Прошла неделя, десять дней, дивизию перебросили в район Козина, начдива Савицкого сместили без скандала, немало воды утекло в речушках Волыни и Галиции, а Иуда все вспоминал почему-то Марусичку и, усмехаясь, явственно видел перед собою шелудивого кота с мышью и калеку в самодельной каталке. Что далась ему эта Марусичка? Ну крепенькая кобылка, и козел этот при ней, Микола Абрамыч. Обычная военная история, без таких историй война казалась бы просто остановкой на кладбище, беганьем вокруг могилы. Имя, что ли, застряло щепкой в памяти? Тут ведь палка об одном конце – девка, наверняка, забыла начисто об этом приключении, эта ленивая лебедь даже не полюбопытствовала, чем он, красный гость с очками на носу, в жизни занимается. Узнавая, что мимолетный ночной всадник – писатель, такие добрые кобылки приходят в непритворное возбуждение: сочиняющий над бумажным листом человек столь же труднопредставим для них, как укротитель носорогов. Писатель – запоминается. А эта даже не спросила… И все же она стала своя, и не только в той плывущей барже с никелированными шариками, но и когда наткнулся на нее спиной, пятясь из чулана: она лукаво обманула, сочинила историю про красивого брата, одаренного мальчика. Она сочинила для него, для Иуды, и выдумка эта сочилась из ее сердца, и была в этом некая родственность душ. Вот так он сам сочинил про русского папу, про убитого погромщиками деда. И про Марусичку сочинит, если даст бог, и про смещенного Савицкого в алых рейтузах, и про лошадей: Степана, Мишу, Братишку, Старуху. Лошадь – это все. Лошадь – спаситель. Лошадь – мать, отец. В Одессе такое не могло и присниться. Что отец? Неужели все отобрали? Надо подумать о доме. Надо описать людей, воздух. Надо описать чувство всадника: усталость, конь не идет, ехать далеко, сил нет, выжженная степь, одиночество, никто не поможет, версты бесконечно.

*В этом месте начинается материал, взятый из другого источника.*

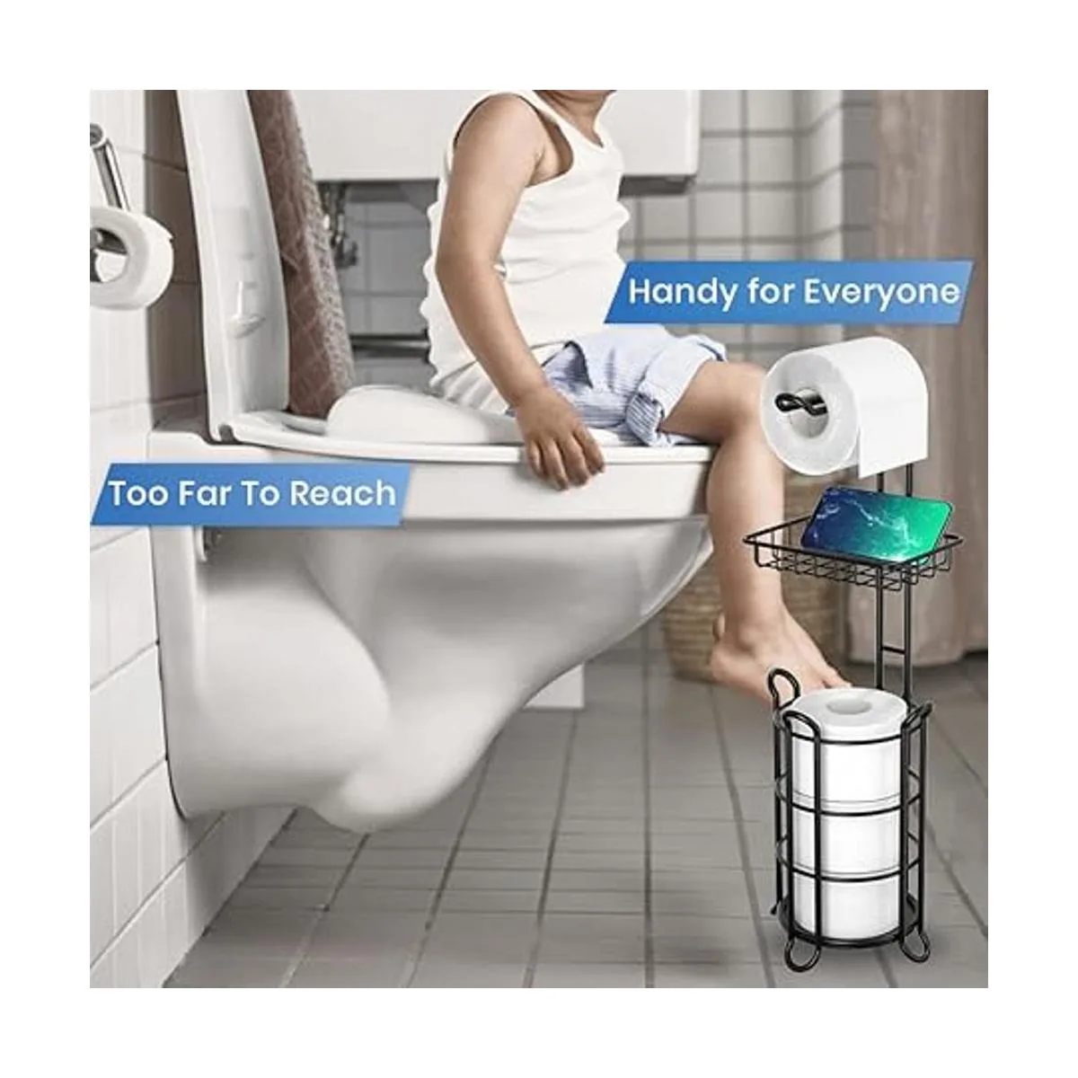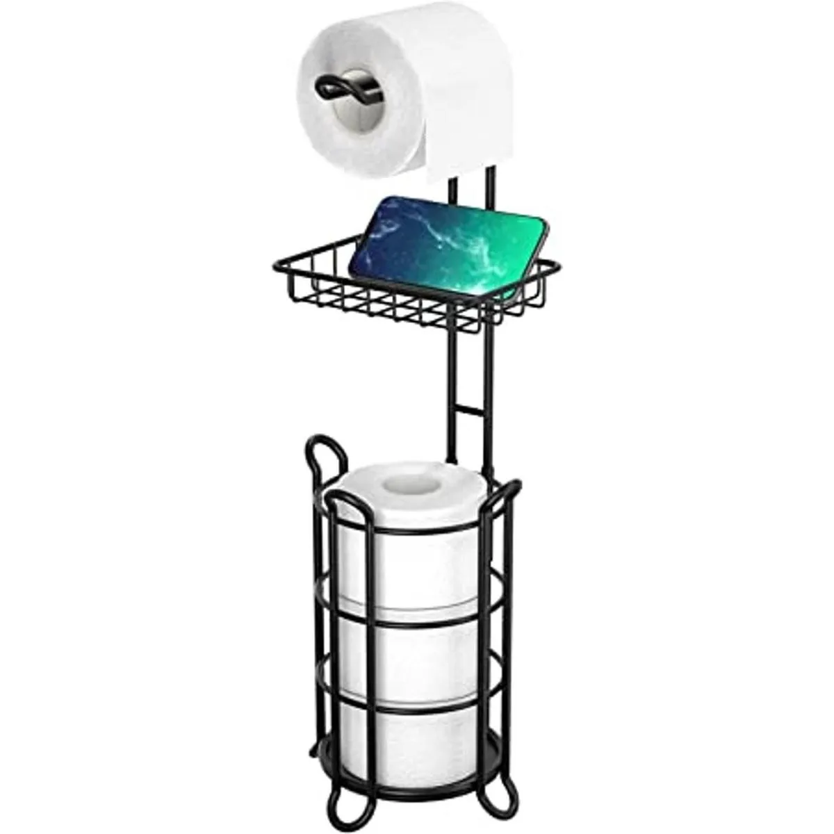 Gran capacidad: diámetro de 6.5 pulgadas, perfecto para rollos normales/dobles/megas/jumbos/familiares, la cesta inferior puede contener 3 rollos, el estante adicional puede sostener tu teléfono y limpiar en un lugar seguro

К Демидовке подъехали перед вечером. Поляков выбили отсюда в полдень, с налету. Местечко сильно пострадало – дымились дома, разрушения повсюду. Евреи, как черные пеньки, торчали в степи: возвращаться боязно, лучше дать победителям вволю напраздноваться победой, да и поляки могут снова нагрянуть до темноты. Впрочем, кое-кто и остался в уцелевших домах.